Sayed Mohammad Jaffar Shah (December 1911 – 21 March 1937) was an Indian field hockey player who competed in the 1932 Summer Olympics and 1936 Summer Olympics.

Early life and education
He was born in Shergarh, District Montgomery, British India (now in Punjab, Pakistan). Jaffar received his education at the Aitchison College, Lahore and at the Government College Lahore.

Playing career
In 1932 he was a member of the All India team that represented the country in the Field hockey at the 1932 Summer Olympics. The team won the gold medal.  He played two matches as forward.

Four years later in 1936, he was again the member of the All India Field Hockey team. The team again won the gold medal for Field hockey at the 1936 Summer Olympics. He played five matches as forward.

Death & Memory 
He died as a result of a shooting accident near Lahore on banks of river Ravi, in 1937.

A hockey pavilion was constructed at Aitchison College Lahore in 1939 as a tribute to the memory of Jaffar and his services to hockey in India.

Jaffar Memorial hockey tournament is organised annually by Ali Institute of Education in Lahore.

Grave and Epitaph

The inscription on the gravestone reads
"Syed Mohammad Jaffar Shah Kirmani son of Syed Nawazish Hussain Shah Kirmani"
"Date of Birth: December 1911. Date of Death: March 1937"

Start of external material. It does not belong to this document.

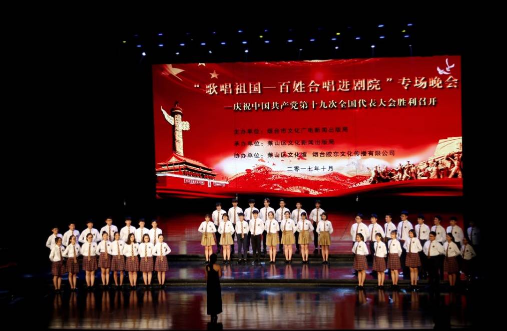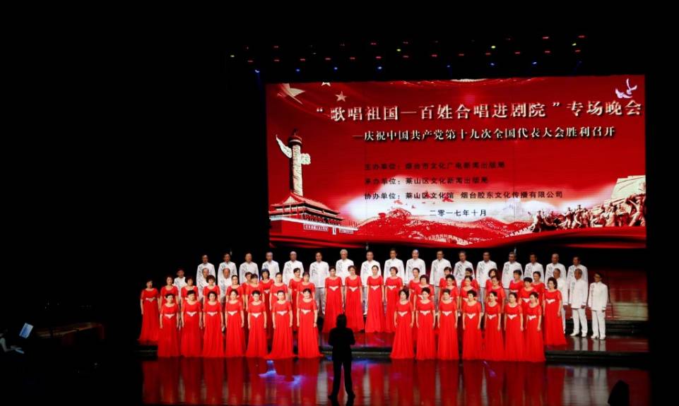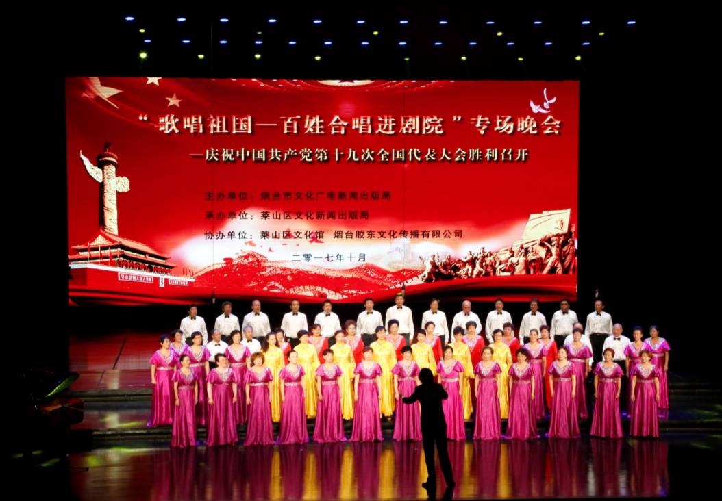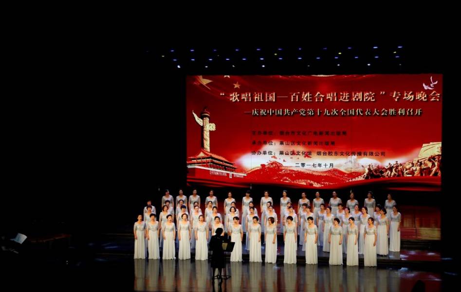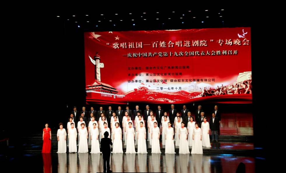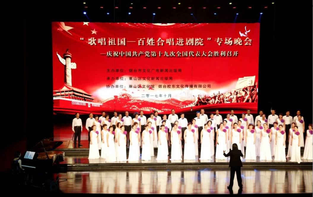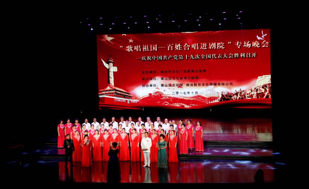 ,弘扬爱国主义华彩乐章,用嘹亮的歌声唱响激情燃烧的岁月,表达烟台市民对党、对祖国的无限热爱之情。2017年10月20日晚由烟台市文化广电新闻出版局主办、莱山区文化新闻出版局承办,莱山区文化馆、烟台胶东文化传播有限公司协办的第二届“歌唱祖国,百姓合唱进剧院”专场晚会在胶东剧院盛大上演!

"(Late) Syed Mohammad Jaffar was one of the greatest players of hockey, who was selected for 1928 for United India (All India) Olympics Hockey team but he could not participate in that global event due to his youthful age. In 1932 All India Hockey Team which participated in Los Angeles (USA) Olympics, he was considered one of the best players in the world on the position of "Left-Out", although he was one of the youngest. He participated once again in 1936 tournament in the global tournament as vice-captain. Out of magnanimity of his heart, he decided not to be a candidate for the captaincy in favour of Dhyan Chand, although initially, he was being considered as captain of this victorious team because of his professionalism and skill level. He was not only a brilliant sportsman and a great representative (and an asset) of the country, he was also a figure of exemplary mannerism and conduct.

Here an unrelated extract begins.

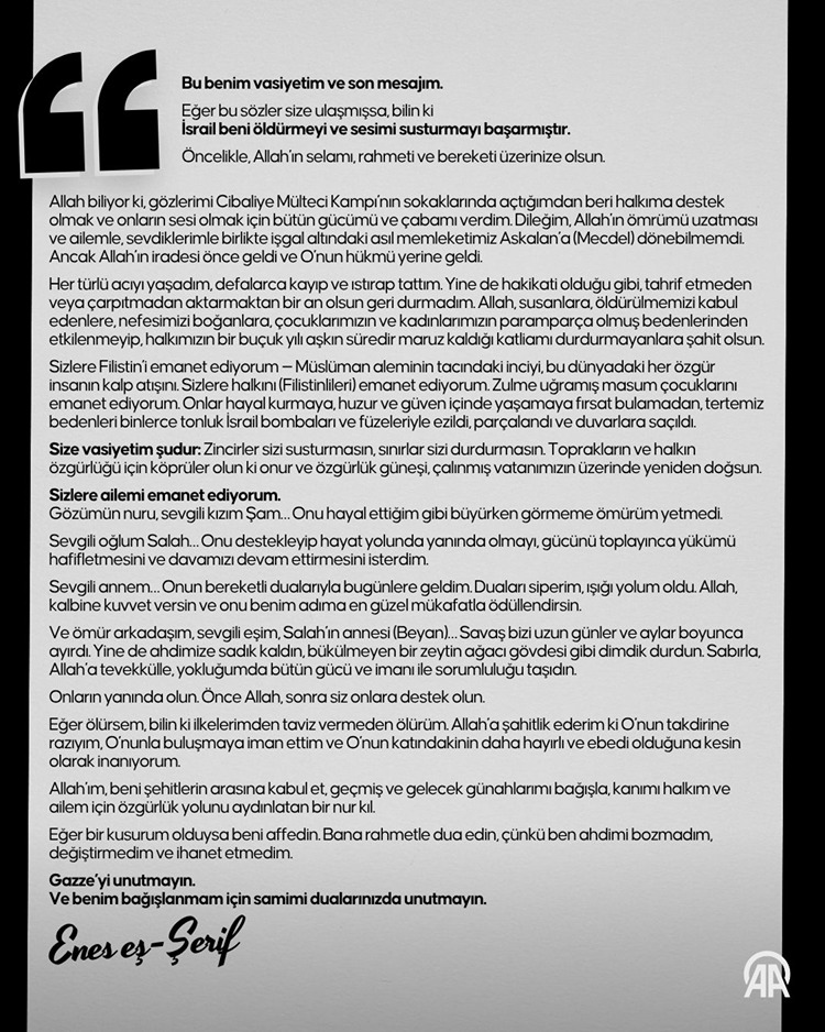 Vasiyetinde, “Eğer bu sözler size ulaştıysa bilin ki, İsrail beni öldürmeyi ve sesimi susturmayı başardı” diyerek sözlerine başlayan eş-Şerif, hayatta kalıp ailesiyle birlikte işgal altındaki memleketi Askalan’a (Mecdel) dönme umudunu taşıdığını, ancak Allah’ın takdirinin tecelli ettiğini belirtiyor.

On a fateful evening in 1938, while on a hunting expedition on river Ravi near Lakho Dehar, he accidentally gave his life away to the river. He saddened his huge fan following and opted to respond to the call of the God."

"Gravestone laid down by Syed Javed Hassan son of (Late) Syed Mohammad Hassan"

An Urdu verse is also inscribed on the tombstone.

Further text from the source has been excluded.